One time I was talking in code with a parent about her having HIV, he came with his eyes wide open, saying “who got AIDS?” But the part that made everyone cringe and ultimately I was able to get strong wording put in about our workspace (Ashby and Bruno, 2016, p. 147) was my description of a leak in the area I worked. It was urine from the boy’s bathroom right above the area I worked. I had to buy a bucket and empty it as the engineer refused! He boasted that it will stay like that long after I leave (it didn’t as I got it fixed but it was after I was there for 18 months).

I did use some gallows humor at the end of this by saying that one of my group rules for students was ‘don’t kick the bucket’. This emboldened other members of the Big Bargaining Team to be more descriptive in their explanation of the articles they were bringing to the bargaining table.

To jump ahead to the negotiations of the 2015 contract, we were never given a chance to do that. There were sessions where some of the articles were discussed by members of the bargaining team with CPS negotiators but not in front of the larger group setting. Clinicians were tacked on at the end of the third session counselors had with the Board along with special education teachers. We were allowed only one representative for each group and were given less time to explain our articles!
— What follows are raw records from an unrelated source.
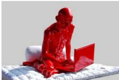
DEBANJAN ROY INDIA SHINING I (GANDHI AND THE LAPTOP) EDITION OF 5 2007 Fiberglass with acrylic paint 27 x 46 x 30 in.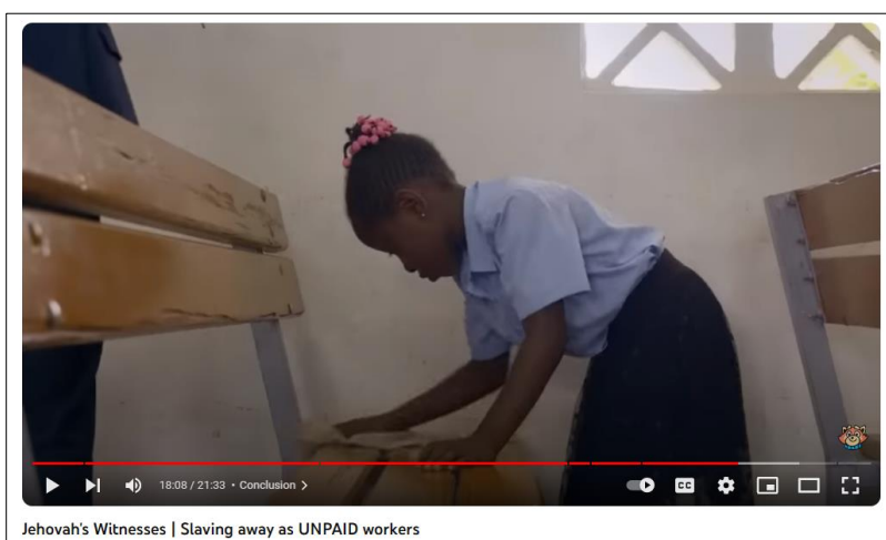
Figure 4 A young girl working as a child slave labourer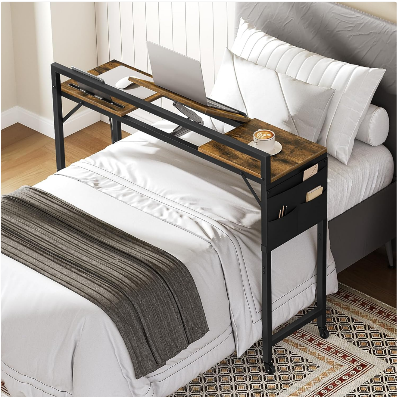
Image 5.3: The 360-degree smooth-rolling wheels allow for effortless repositioning, with two lockable wheels for stability.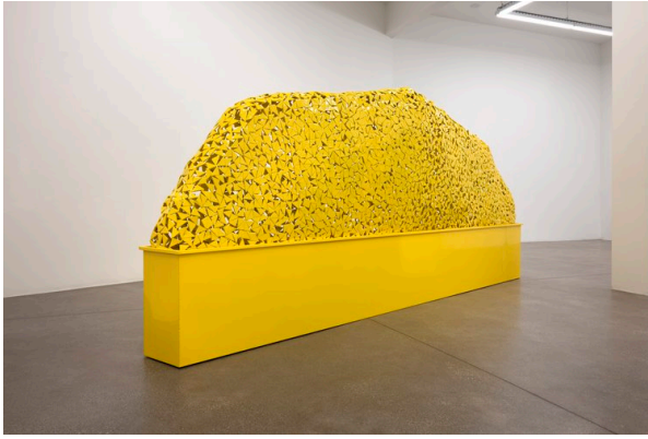
RACHEL LACHOWICZ: 'THE GRAVITY OF COLOR'

The one thing I kept saying about the differences between the two contract negotiations was that Rahm and his Board learned from the 2012 process whereas CTU continued with the same tactics and was disarmed when the Board started to make their maneuvers. One of the most brilliant maneuvers that CTU did was to have the strike vote before the 2011-2012 school year ended. The Board cried ‘foul’ but the SB 7 language did not say CTU had to wait for all of the steps to be completed and CTU had the vote during the fact finding period. The 2015 saw the Board stall the process so that if there would be a vote to strike, it would have to occur late in the 2014-2015 school year of at the beginning of the following school year. Another tactic CPS did was to take back having CTU members pay the full pension of 7% and date of the first paycheck was April 1st. CTU planned a ‘Day of Action’ on that date but instead said it was for the broader issues of alternative funding, etc. CTU members were upset about the going ahead with the action as it would mean another furlough day after the announcement of CPS to have them take three days without pay! CTU handed the Board another day they did not have to pay to CTU members.

Another difference was the fact that all of the members of the 2012 Big Bargaining Team stayed on until the end of the contract negotiations. This last bargaining which ended in October 2016, three members were taken off the team around Labor Day, six weeks before the last push. The reason was given that we had retired but two of us had retired a year before but still remained on the team during the school year 2015-2016. I know there was concern that I was taken off as I was a very strong voice for clinicians. I heard from a number of fellow Big Bargaining Team members that my absence hurt the clinician cause and they were disappointed that after two years of being on the team, I was not allowed to see it to the end. I want to end this with a quote from Jim Franczek on his assessment of the 2012 contract; “It was the shittiest contract that CTU ever negotiated’ (Ashby and Bruno, 2016, p. 227). It would be interesting what he would think of the latest contract which for many CTU members believe is even crappier!